* Task instructions *
Where the line with "Filter and segment" appears below, start writing out lines exactly, and finish with the line with "This October, I", which is included; write out nothing else.

* Extracted data *
□ □ □ □ □ □ □
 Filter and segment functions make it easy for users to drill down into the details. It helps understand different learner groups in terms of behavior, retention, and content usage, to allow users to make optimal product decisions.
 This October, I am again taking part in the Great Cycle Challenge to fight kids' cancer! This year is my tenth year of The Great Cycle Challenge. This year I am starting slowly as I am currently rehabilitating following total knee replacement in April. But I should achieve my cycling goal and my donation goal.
□ □ □ □ □ □ □
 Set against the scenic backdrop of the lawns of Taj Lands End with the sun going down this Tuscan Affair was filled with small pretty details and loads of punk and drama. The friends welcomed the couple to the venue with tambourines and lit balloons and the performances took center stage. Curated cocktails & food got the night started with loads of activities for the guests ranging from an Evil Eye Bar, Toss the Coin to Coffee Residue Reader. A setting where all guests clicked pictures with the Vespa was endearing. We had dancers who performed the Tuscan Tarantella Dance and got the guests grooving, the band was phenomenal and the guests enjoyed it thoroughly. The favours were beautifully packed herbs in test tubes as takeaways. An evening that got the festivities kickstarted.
□ □ □ □ □ □ □
* Exercise output *
 Filter and segment functions make it easy for users to drill down into the details. It helps understand different learner groups in terms of behavior, retention, and content usage, to allow users to make optimal product decisions.
 This October, I am again taking part in the Great Cycle Challenge to fight kids' cancer! This year is my tenth year of The Great Cycle Challenge. This year I am starting slowly as I am currently rehabilitating following total knee replacement in April. But I should achieve my cycling goal and my donation goal.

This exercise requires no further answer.